→ **Recorded data**
——————————
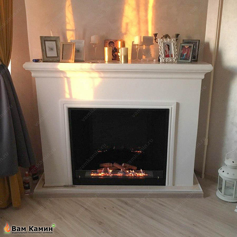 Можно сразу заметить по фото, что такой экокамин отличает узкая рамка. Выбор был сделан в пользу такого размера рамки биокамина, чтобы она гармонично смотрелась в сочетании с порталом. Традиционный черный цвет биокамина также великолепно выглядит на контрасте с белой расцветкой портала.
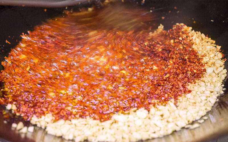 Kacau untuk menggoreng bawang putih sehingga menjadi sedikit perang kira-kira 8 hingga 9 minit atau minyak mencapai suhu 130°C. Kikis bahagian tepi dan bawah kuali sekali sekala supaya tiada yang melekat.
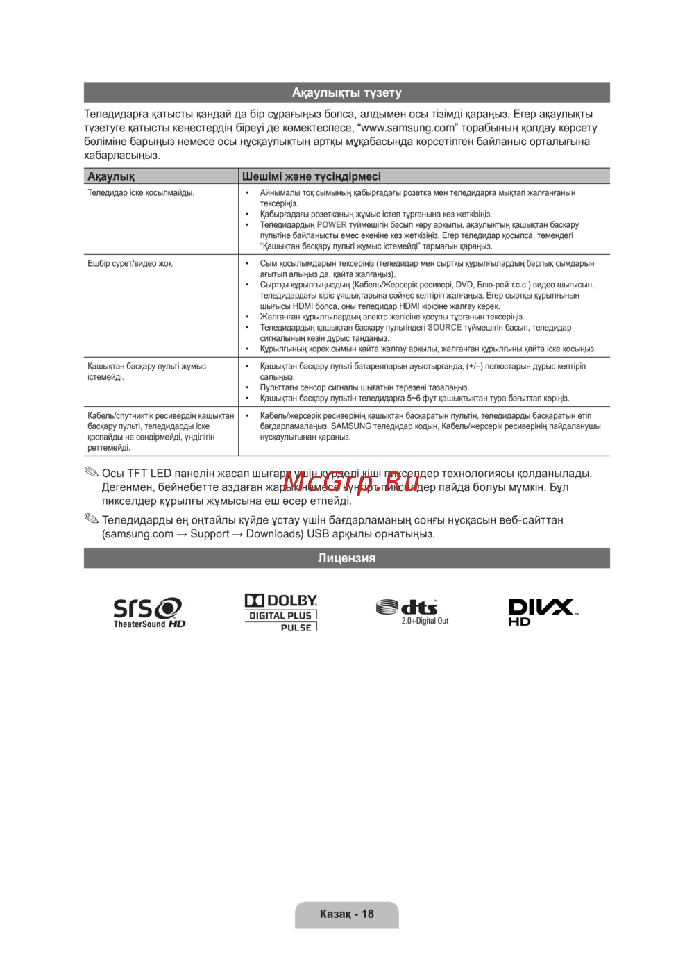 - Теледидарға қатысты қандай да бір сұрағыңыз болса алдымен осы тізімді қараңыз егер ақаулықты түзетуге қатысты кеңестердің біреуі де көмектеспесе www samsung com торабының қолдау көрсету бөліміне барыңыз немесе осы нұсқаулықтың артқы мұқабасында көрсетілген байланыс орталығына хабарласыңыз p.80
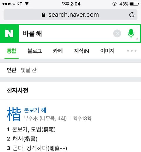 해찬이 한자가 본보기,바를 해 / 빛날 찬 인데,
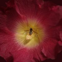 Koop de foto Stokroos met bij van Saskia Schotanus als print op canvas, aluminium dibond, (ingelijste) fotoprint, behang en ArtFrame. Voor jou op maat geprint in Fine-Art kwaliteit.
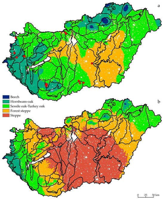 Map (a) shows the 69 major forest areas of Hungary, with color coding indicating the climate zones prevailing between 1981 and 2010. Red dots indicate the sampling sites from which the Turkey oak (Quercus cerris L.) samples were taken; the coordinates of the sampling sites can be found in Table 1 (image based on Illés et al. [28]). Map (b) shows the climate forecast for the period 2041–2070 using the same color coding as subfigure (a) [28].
——————————
Print the lines from the line with "Koop de foto" to the end of the data above. Include both ends, exclude the pictures, and add nothing else.

 Koop de foto Stokroos met bij van Saskia Schotanus als print op canvas, aluminium dibond, (ingelijste) fotoprint, behang en ArtFrame. Voor jou op maat geprint in Fine-Art kwaliteit.
 Map (a) shows the 69 major forest areas of Hungary, with color coding indicating the climate zones prevailing between 1981 and 2010. Red dots indicate the sampling sites from which the Turkey oak (Quercus cerris L.) samples were taken; the coordinates of the sampling sites can be found in Table 1 (image based on Illés et al. [28]). Map (b) shows the climate forecast for the period 2041–2070 using the same color coding as subfigure (a) [28].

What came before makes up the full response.